Colorado mom Heather Jensen and Georgia dad, Ross Harris, are bookends for a disturbing trend in this country for parents to de-prioritize or devalue the lives of their kids, leading to brutally careless behavior - such as leaving offspring in hot cars and forgetting about them,
In the case of Harris, it now has emerged that he'd text-messaged six women, sending and receiving explicit texts -- some including nude images -- from work, while his 22-month-old was dying in a burning hot car. Prosecutors, rightly or wrongly have sought to portray Harris as wanting a "child free" life. See e.g.
http://www.cnn.com/2014/07/03/justice/georgia-hot-car-toddler-death/
But irrespective of that, it shows at the very least that Harris didn't put his child's welfare first. If he had, as opposed to subordinating it to his own self-obsessed actions, this abominable incident never would have occurred. From that perspective, one could say Justin Ross Harris really did hanker for a child-free life. What better way to sex- text strange women at will while forgetting (deliberately?) his own duties as dad and husband. Did his wife deserve this? Hell no! She expected much better of this guy than to treat their precious only kid like yesterday's fish wrap.
Then there was Heather Jensen, who Prosecutors claimed carried out a "death sentence" against her two young sons when she locked then in her car on Nov. 27, 2012, while she had went to have unbridled sex with a guy in a car park. The children were said to have spent 90 minutes in the car- with the heat on, and an investigation revealed temperatures could have reached 60 degrees Celsius (113F) . Both boys died from hyperthermia.

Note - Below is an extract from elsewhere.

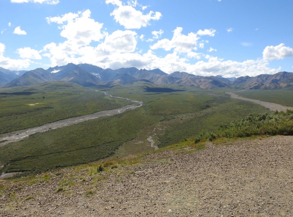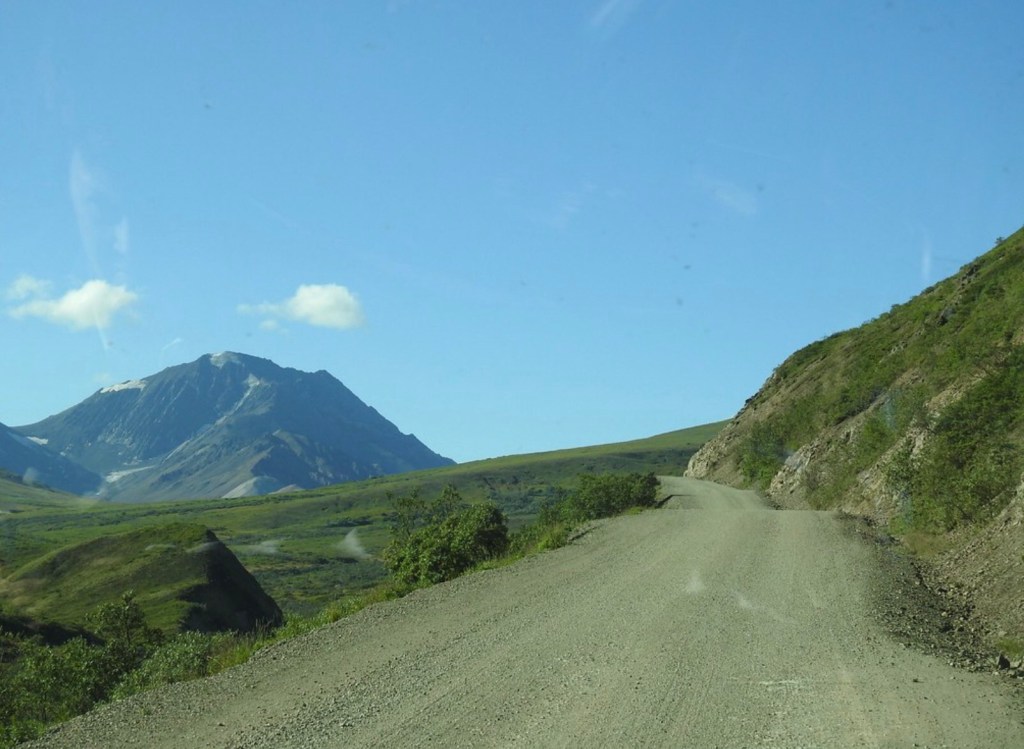 This park road runs north of and roughly parallel to the imposing Alaska Range. Only the start of the road is paved because both permafrost and the freeze-thaw annual cycle would create a very expensive maintenance programme for a paved road.

Careless? Indeed, but the subtext is that she also obviously harbored a desire for the"'child free" life or she'd not have been so damned negligent. Though the case has also been made that her low IQ (of 76) played a role, it still doesn't exonerate her since many low IQ moms don't exhibit such careless behavior. They have enough sense and perspective to put their child's welfare first. See more here:
http://www.news.com.au/world/mother-heather-jensen-on-trial-for-overheating-deaths-in-car-of-two-young-sons/story-fndir2ev-1226811632404
Both these cases highlight the reasons, mostly wrong, that people have children in this country - since these cases are by no means exceptional or unusual. In each case, it is arguable the culprits should never have had children at all. So why did they? Family pressure? Spousal pressure? Possibly. Then there might also be the lamebrain media talking heads, many of them, who make childless couples feel like freaks. Look no further than Abby Huntsman who in August last year on MSNBC's 'Morning Joe' - asked the author of 'The Childless Life' (related to a TIME special issue that'd just appeared on newsstands):
"Well, how do you go about asking a woman if she's going to have children? Or when she's going to have children? I mean, it's what we do when attending social outings!"

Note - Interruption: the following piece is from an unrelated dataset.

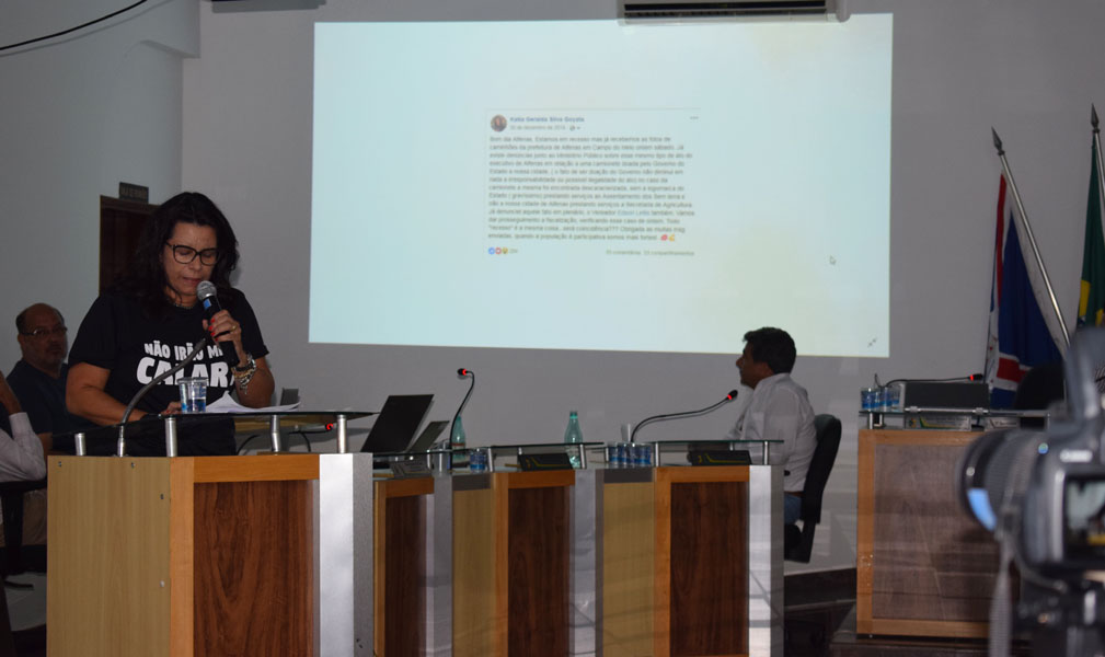 A Câmara Municipal instaurou, na noite de segunda-feira, uma Comissão Especial de Ética para apurar uma postagem nas redes sociais feita pela vereadora Kátia Goyatá (PDT). O post foi uma denúncia de que maquinário repassado pelo Estado à Prefeitura de Alfenas estaria sendo deslocado para acampamentos do Movimento dos Sem Terra, em Campo do Meio.

TIME editor Radhika Jones (responsible for the Childfree Life investigation in TIME) had to constrain herself from erupting in mocking laughter. Instead, she put on her most professional air and responded:
"Do we really have to ask such questions? I can understand curiosity but perhaps the best thing is not to ask."
Indeed, they shouldn't be asked at all. Period! The couples making such a decision clearly know they aren't cut out for parenthood. Being childless by choice is a personal matter, but in a nation that not only harbors a cult of motherhood but a cult of child worship that can be like climbing Mt. Everest. What we as a society ought to be doing is making the decision to be really child free - as in CHILD -less, easier, not harder. In this way, parents are less likely to treat their offspring carelessly down the line - as Jensen and Harris did.
My wife and I both knew from early on that we were simply too self-absorbed to have children - which, let's face it, are 24/7 demanding especially when young . And so we declined to be parents. This was despite enormous pressure from family as well as friends, including one former Headmistress of Janice's old school (Queen's College, Barbados) who informed us bluntly if we didn't have our own kids we'd be "contributing to the dumbing down of society".
But we knew in our hearts that reproducing just to maintain some perceived societal "I.Q." was the wrong reason. We also knew that once having had children, one couldn't just take it back and decide not to. Once you were in you were all in and this we never wanted to be. So childless by choice was a no-brainer for us.
The bottom line here is that the choice to have a child ought to be each couple's own. Not to be second guessed by anyone else, or looked askance on via clueless moron questions by an Abby Huntsman. In the same way I don't second guess anyone who has their own kids, or adopts them- provided that they are actively caring and responsible parents.. It is not for me to say they did the right thing or not. They have to live with their choices and the possible negative repercussions arising from them, i.e. finding they don't have enough money to provide in a society that refuses to support families economically.